Three Software Tricks for Sorting Through the Barrage of UAV Footage

USF computer visions guru presents at IEEE surveillance conference

3 min read
Three Software Tricks for Sorting Through the Barrage of UAV Footage

PHOTO CREDIT: Lt. Col. Leslie Pratt/USAF. An MQ-9 Reaper drone flies a combat mission over southern Afghanistan.

In 2009 alone, the U.S. Air Force shot 24 years’ worth of video over Iraq and Afghanistan using spy drones (UAVs). With so many planes in the air, and more and more cameras being attached to each plane, the Air Force is generating more footage than analysts can sift through, the New York Timesreported back in January. “We’re going to find ourselves in the not too distant future swimming in sensors and drowning in data,” Lt. Gen. David A. Deptula the U.S. Air Force’s top intelligence official, told National Defense Magazine the same month.

Of course, the best way to reach the surface of such a large data pool is to get a computer to show you which way to swim. As one might guess, programming a system to automatically search video and pick out noteworthy information is not an easy problem. And so far, no one has developed software that can keep up with the Air Force’s high-tech hardware. But Mubarak Shah, who founded and now directs the Computer Visions Lab at the University of Central Florida, recently presented a few ideas about how to make improvements.

Shah, who spoke Monday at the 7th IEEE International Conference on Advanced Video and Signal-Based Surveillance in Boston, Massachusetts, is a graying, deep-eyed fellow. According to the computer engineer perched next to me, Shah is “the guy you’ve heard about if you know anything about anyone in video surveillance.”

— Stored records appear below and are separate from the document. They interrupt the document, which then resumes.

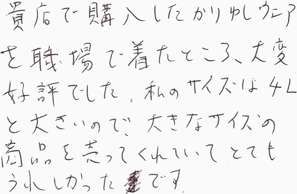 貴店で購入したかりゆしウェアを職場で着たところ、大変好評でした。私のサイズ4Lと大きいので、大きなサイズの商品を売ってくてていてとてもうれしかったです。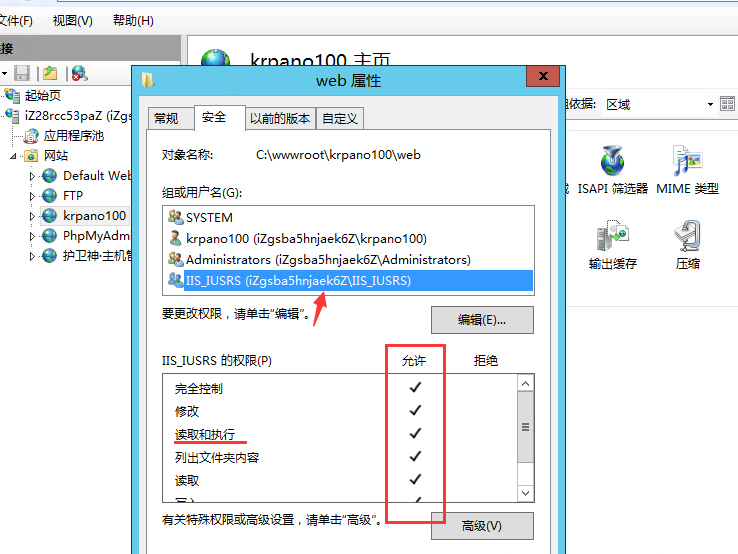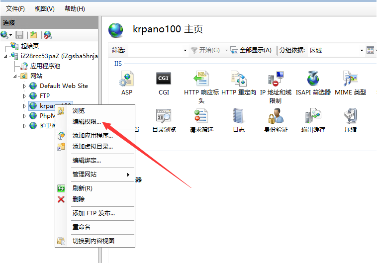 2:接下來,我們讓IIS_IUSRS(糾正:根目錄所屬ftp用戶,即krpano100)對站點根目錄有執行權限,打開iis,網站->相對應的站點->右鍵->編輯權限,為IIS_IUSRS添加執行權限。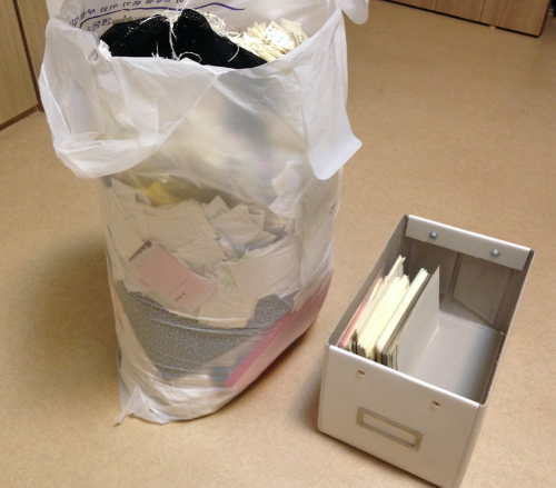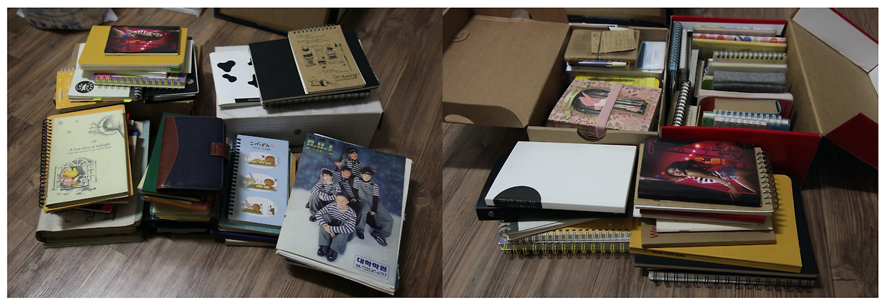 물건을 정리하면서 가장 버리기 곤란했던 것이 일기장, 종이에 끄적인 메모들, 작은 수첩이 담긴 상자였다. 커다란 정리용 수납 상자 하나와 신발 상자 3개 정도 분량이었다.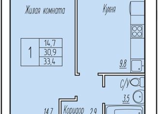 Общая площадь: 33.4 м2

Shah focused on three problems for surveillance software that are notoriously difficult, particularly when you’re trying to analyze video shot thousands of meters above the ground from a drone flying hundreds of kilometers per hour.

Follow the Dots

The first problem he addressed was how to track big swarms of objects, such as cars, traveling over a wide area, such as an expressway. The difficulty of this task lies in the fact that, when shot from above, cars traveling on an expressway are exceedingly small (no more than 30 pixels), and there are thousands of them. Plus, the plane that’s shooting footage is moving faster than the cars it’s capturing, so you’ve only got a few frames to work with for each car.

Shah’s solution to this problem depends on keeping track of all the possible paths a vehicle may have taken, then weeding out the poor choices based on common sense (Two vehicles probably didn’t cross paths at the same time…unless, of course, they crashed) and a bit of modern transportation theory (If one car is behind another car, it’s probably accelerating at a similar rate). It looked like he got pretty good results: about 80-90 percent accuracy.

Wait... Is That a Pedestrian or a Palm Tree?

If you think antlike cars are hard for a computer to follow, you can imagine the difficulty in trying to program it to find a person. Some of the best people-detection systems rely on histograms—statistical distributions that determine whether an object is a person based on probabilities. But because people are so very tiny in aerial images, the histogram method mistakes quite a lot of things (trees, mailboxes, stoplights) for people. “There can be thousands of those that are completely wrong,” Shah says. He proposes using some basic 8th-grade geometry tricks to find a person based on the relationship between the height of an object and the length of its shadow. He admits that this strategy wouldn’t work so well on video shot on cloudy days or using infrared light.

Mapping by Motion

The third—and in my opinion, coolest—tool Shah presented was a method for determining movement patterns. Say, for example, you have some aerial footage of an Afghan city and you want to automatically know how it’s laid out—where the roads are, the bridges, the intersections, where people regularly travel, the areas they avoid, where they gather. What a computer sees, however, is “very noisy optical flow,” Shah says—lots of motion but not much order. Using a mathematical noise-reducing tool known as a "mixture of Gaussians," Shah can find order in the static-like mess of optical data and get his software to draw a picture of the city in motion. “Using this, we can basically discover the road networks,” he says.

Automating video search seems an ambitious project, but one that needs to be done. The newer Reaper drones now shoot video in 10 directions at once, and the Air Force plans to eventually upgrade that number to 65. That’s 65 video streams coming from one spy plane. The deluge of data isn’t stopping, and there just aren’t enough eyeballs to sort through it all.